The former SBP governor said that if the small and medium scale farmers were to have their due share of water, things would be much more positive as regards agricultural production. “Today, anything in the areas (riparian and non-riparian) has a deep impact on the provincial economy,” he said. The influential landlord exercises such clout that even state functionaries like the police of the area and the revenue officials are all at his beck and call, he added.
In reply to a question about the water issue, Dr Husain said, “We have so many plans but we lack the implementation mechanism.”
As for land reforms, he said that these could not help. For land reforms, he said, you have to have contiguous land, not fragmented units. In reply to a question about the feasibility of dams, he said these would not mitigate our problem as they were a very expensive and time-consuming proposition.
He said that if somehow we could devise means to prevent the wastage of water that finds its way into the sea, we would not need to think of dams.

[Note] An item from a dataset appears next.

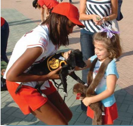
Even the littlest fans were checking out the dogs from OC Animal Care

Thanks to the compassion and kindness from the Angels Baseball Club and Foundation for making "Angels for Animals" a grand slam event!
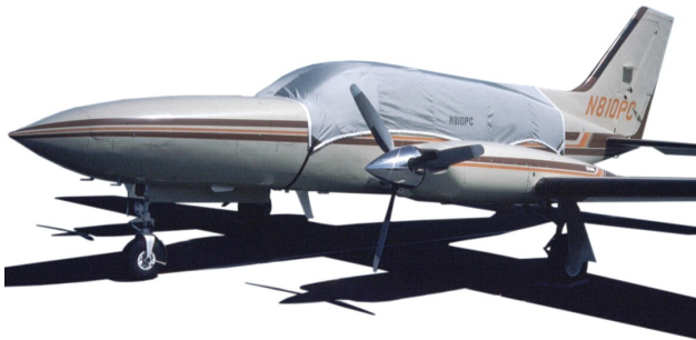
Cessna 421 Cockpit/Windshield Cover

This cover type is made from Silver Acrylic Sunbrella canvas and is 100% lined with a soft and smooth microfiber. Bruce's Custom Covers developed this material combination especially for aircraft protection. The outer material is medium weight and treated for water resistance, UV resistance and anti-static buildup. The inner lining is a very soft and smooth microfiber to prevent scratching. The material is very reflective, and tests show that the cabin interior temperature can be reduced to near-ambient temperature on the hottest of days. It is water, ice and snow repellent, yet breathable to allow moisture to escape from between the cover and the aircraft surface.

As for the economy of Sindh, it was clearly divided into two portions, rural and urban.
As regards rural Sindh, he said that we had the problems of water apportionment and poverty, while in the urban sector we had social problems like the arms proliferation and other social problems like law and order which hit the economic development programmes. Besides, he said, most of the employment was to be found in the urban areas with the result that people migrated to the urban areas in search of greener pastures thus, apart from other things, disturbing balance in a place which was already struggling with civic issues and creating social issues. Sindh’s relative position in the national economy has been declining vis-à-vis the other provinces, so is its share in the nation’s GDP (Gross Domestic product).
Dr Husain said that we had to trust the local communities as they were the ones who could best decide the course of action, being directly affected. In this context, he underlined the importance of local bodies and giving them a key role in the issues. It has to be democracy at the grassroots level, he said.
“It is a failure of our institutions,” he said and pointed to the “auction” of police stations. The quality of teaching, he said, had also deteriorated. But his assessment of the situation was not totally pessimistic. “We have a highly trained manpower but we have to find ways of gainfully utilising it.”